→ **BRIEF**:
Once the pictures are set aside, repeat all of the data below exactly.

→ **COLLECTED DATA**:

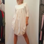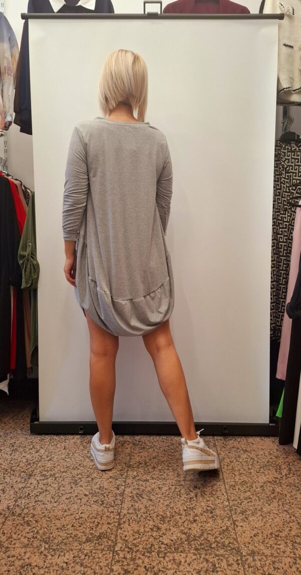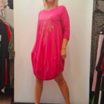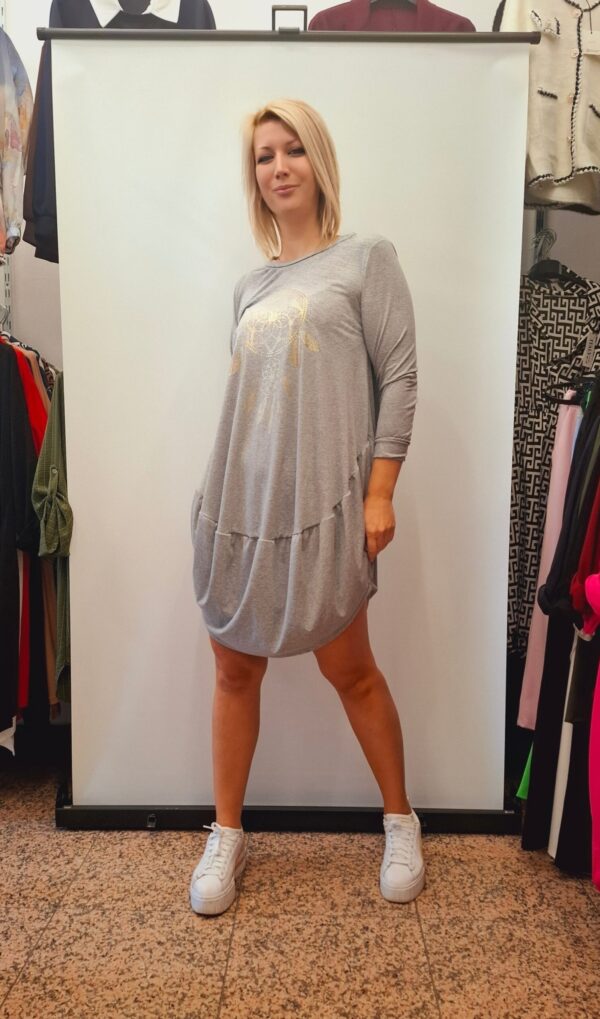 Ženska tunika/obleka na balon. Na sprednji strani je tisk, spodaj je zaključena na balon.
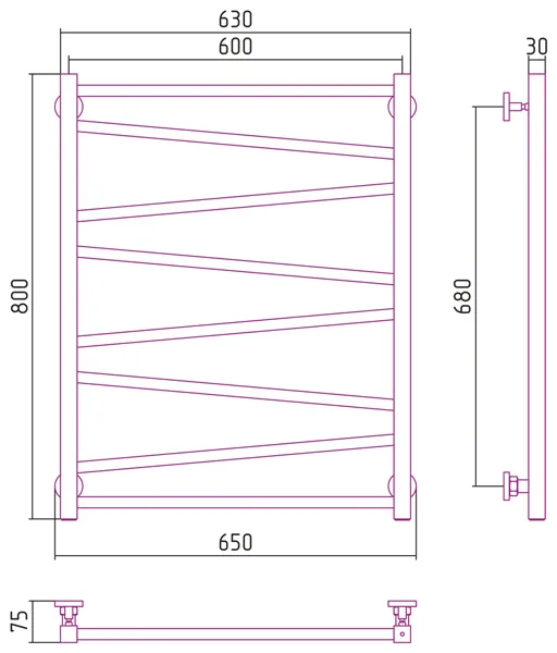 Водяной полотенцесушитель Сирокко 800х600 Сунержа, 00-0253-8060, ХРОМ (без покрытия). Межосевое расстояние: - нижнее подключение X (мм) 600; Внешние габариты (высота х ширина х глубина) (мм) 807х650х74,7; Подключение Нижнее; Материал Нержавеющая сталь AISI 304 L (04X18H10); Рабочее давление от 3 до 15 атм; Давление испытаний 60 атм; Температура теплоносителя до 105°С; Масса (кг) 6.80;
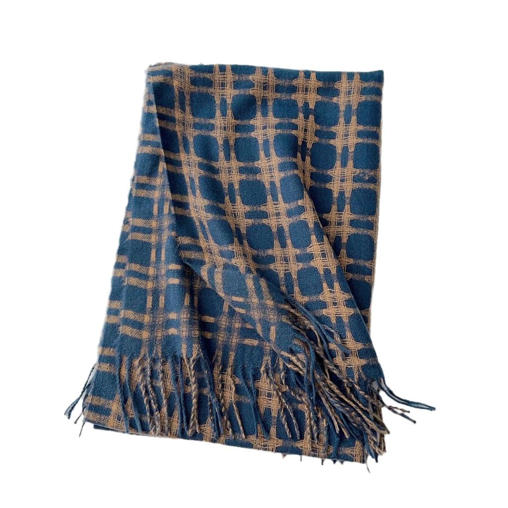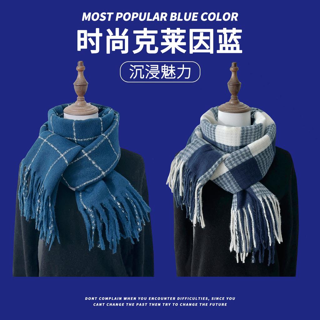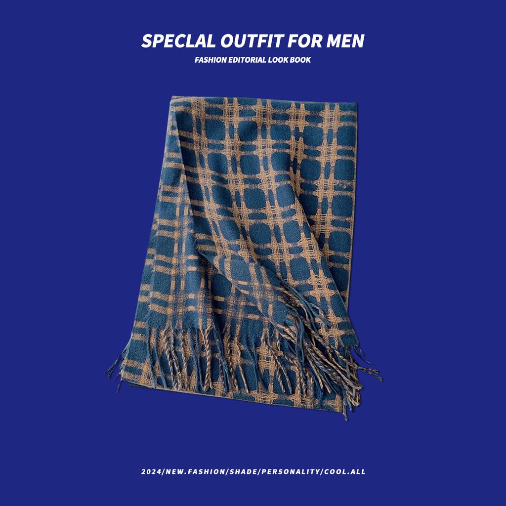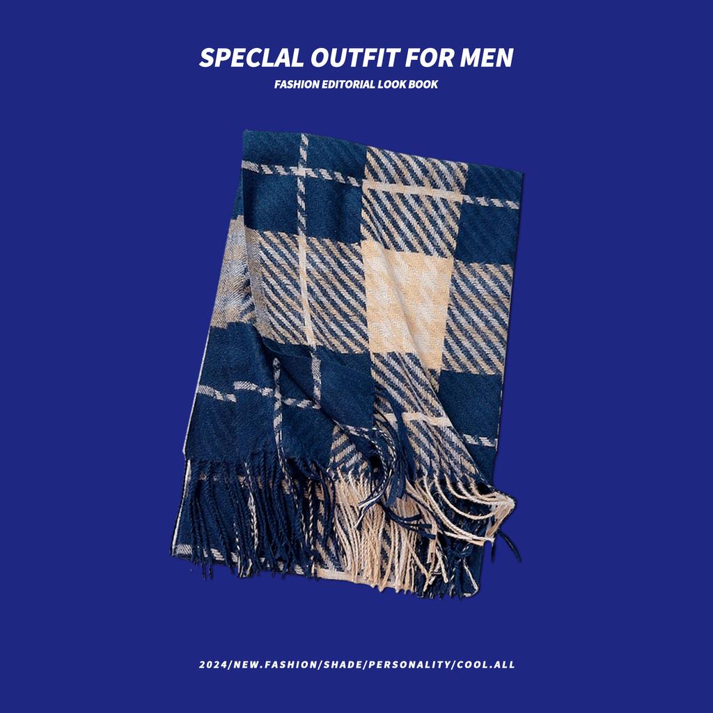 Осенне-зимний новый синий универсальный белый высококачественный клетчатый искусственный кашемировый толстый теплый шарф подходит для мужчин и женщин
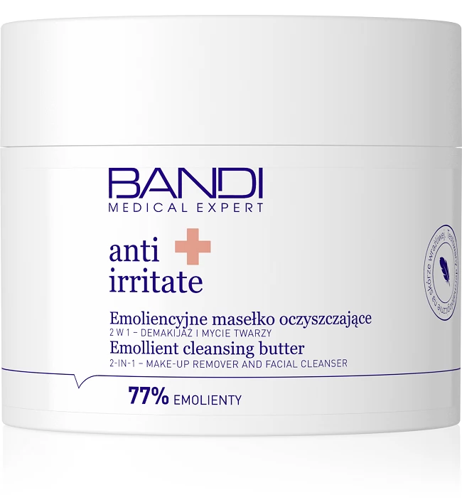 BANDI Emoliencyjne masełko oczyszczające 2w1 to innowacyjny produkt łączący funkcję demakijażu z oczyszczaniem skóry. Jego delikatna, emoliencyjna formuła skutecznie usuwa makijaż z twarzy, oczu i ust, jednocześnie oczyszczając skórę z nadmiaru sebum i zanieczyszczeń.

→ **RESULT FOR THIS EXERCISE**:
 Ženska tunika/obleka na balon. Na sprednji strani je tisk, spodaj je zaključena na balon.
 Водяной полотенцесушитель Сирокко 800х600 Сунержа, 00-0253-8060, ХРОМ (без покрытия). Межосевое расстояние: - нижнее подключение X (мм) 600; Внешние габариты (высота х ширина х глубина) (мм) 807х650х74,7; Подключение Нижнее; Материал Нержавеющая сталь AISI 304 L (04X18H10); Рабочее давление от 3 до 15 атм; Давление испытаний 60 атм; Температура теплоносителя до 105°С; Масса (кг) 6.80;
 Осенне-зимний новый синий универсальный белый высококачественный клетчатый искусственный кашемировый толстый теплый шарф подходит для мужчин и женщин
 BANDI Emoliencyjne masełko oczyszczające 2w1 to innowacyjny produkt łączący funkcję demakijażu z oczyszczaniem skóry. Jego delikatna, emoliencyjna formuła skutecznie usuwa makijaż z twarzy, oczu i ust, jednocześnie oczyszczając skórę z nadmiaru sebum i zanieczyszczeń.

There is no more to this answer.